> Exercise requirements
Restate word for word the lines below from the one that has "As of the 4th" through the one that has "Primeiro, podemos ver", keeping both and dropping all pictures.

> Material supplied
■ ■ ■ ■ ■ ■ ■
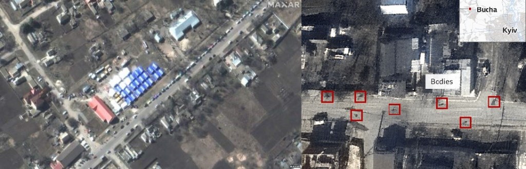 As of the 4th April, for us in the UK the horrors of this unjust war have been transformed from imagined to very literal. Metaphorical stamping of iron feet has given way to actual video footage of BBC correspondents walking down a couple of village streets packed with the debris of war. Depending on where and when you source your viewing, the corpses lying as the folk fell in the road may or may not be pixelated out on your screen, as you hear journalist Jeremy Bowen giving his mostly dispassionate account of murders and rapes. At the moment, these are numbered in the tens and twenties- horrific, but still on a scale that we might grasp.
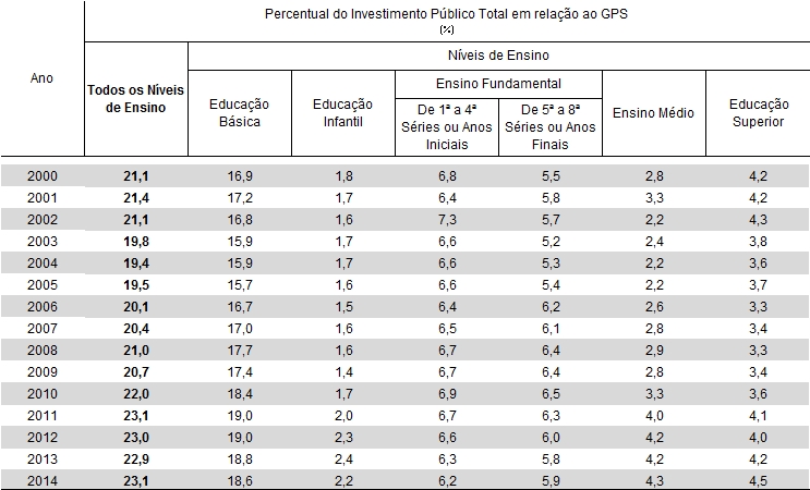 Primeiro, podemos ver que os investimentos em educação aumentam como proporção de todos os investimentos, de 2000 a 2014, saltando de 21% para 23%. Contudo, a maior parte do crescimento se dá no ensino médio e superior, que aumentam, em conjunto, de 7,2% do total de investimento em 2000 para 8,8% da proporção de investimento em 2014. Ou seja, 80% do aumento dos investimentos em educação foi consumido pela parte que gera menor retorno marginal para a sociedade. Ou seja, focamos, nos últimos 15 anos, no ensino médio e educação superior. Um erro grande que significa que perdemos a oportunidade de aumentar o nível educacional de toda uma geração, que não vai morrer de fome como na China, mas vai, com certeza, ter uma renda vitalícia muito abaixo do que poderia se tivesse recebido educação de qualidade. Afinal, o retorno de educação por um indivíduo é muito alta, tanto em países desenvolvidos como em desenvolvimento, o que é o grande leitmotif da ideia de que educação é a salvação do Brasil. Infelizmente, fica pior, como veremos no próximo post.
■ ■ ■ ■ ■ ■ ■
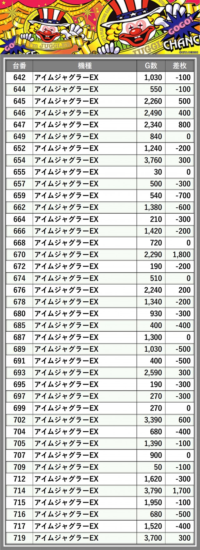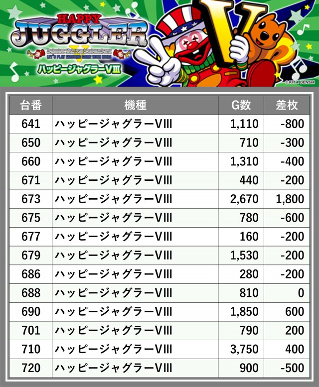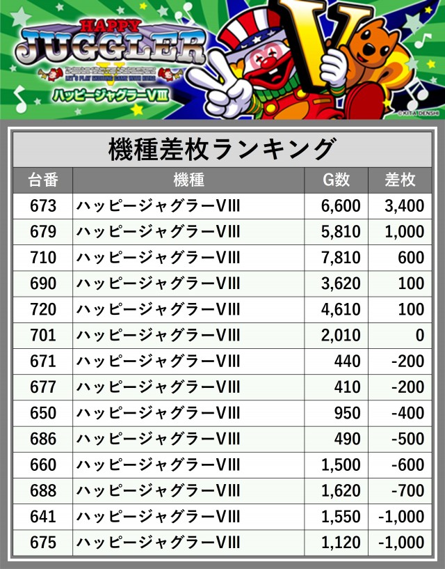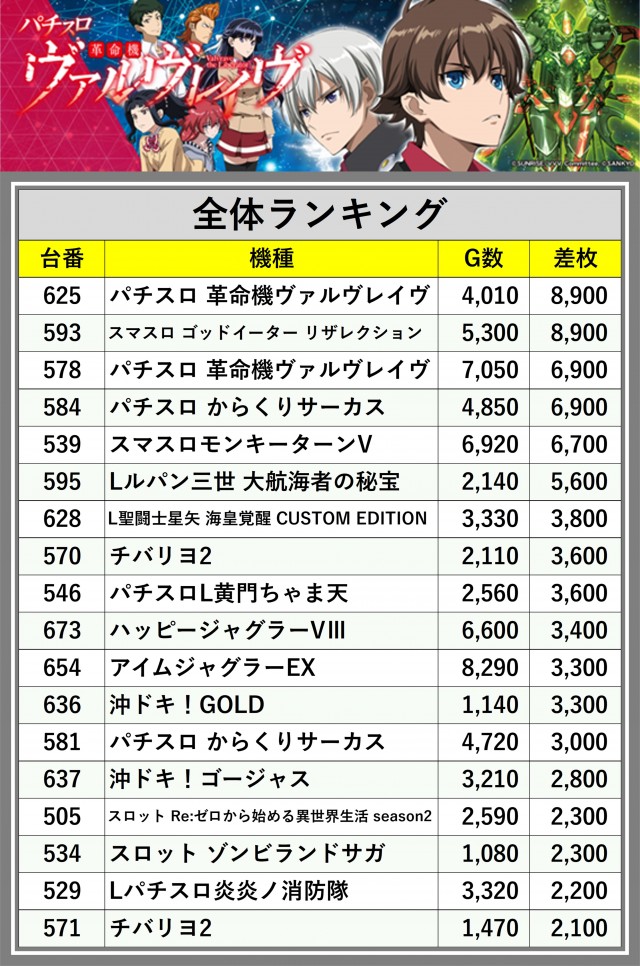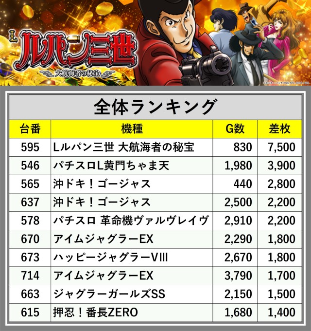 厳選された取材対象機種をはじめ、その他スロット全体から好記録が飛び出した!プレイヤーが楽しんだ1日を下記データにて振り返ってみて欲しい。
■ ■ ■ ■ ■ ■ ■
> Result for this task
 As of the 4th April, for us in the UK the horrors of this unjust war have been transformed from imagined to very literal. Metaphorical stamping of iron feet has given way to actual video footage of BBC correspondents walking down a couple of village streets packed with the debris of war. Depending on where and when you source your viewing, the corpses lying as the folk fell in the road may or may not be pixelated out on your screen, as you hear journalist Jeremy Bowen giving his mostly dispassionate account of murders and rapes. At the moment, these are numbered in the tens and twenties- horrific, but still on a scale that we might grasp.
 Primeiro, podemos ver que os investimentos em educação aumentam como proporção de todos os investimentos, de 2000 a 2014, saltando de 21% para 23%. Contudo, a maior parte do crescimento se dá no ensino médio e superior, que aumentam, em conjunto, de 7,2% do total de investimento em 2000 para 8,8% da proporção de investimento em 2014. Ou seja, 80% do aumento dos investimentos em educação foi consumido pela parte que gera menor retorno marginal para a sociedade. Ou seja, focamos, nos últimos 15 anos, no ensino médio e educação superior. Um erro grande que significa que perdemos a oportunidade de aumentar o nível educacional de toda uma geração, que não vai morrer de fome como na China, mas vai, com certeza, ter uma renda vitalícia muito abaixo do que poderia se tivesse recebido educação de qualidade. Afinal, o retorno de educação por um indivíduo é muito alta, tanto em países desenvolvidos como em desenvolvimento, o que é o grande leitmotif da ideia de que educação é a salvação do Brasil. Infelizmente, fica pior, como veremos no próximo post.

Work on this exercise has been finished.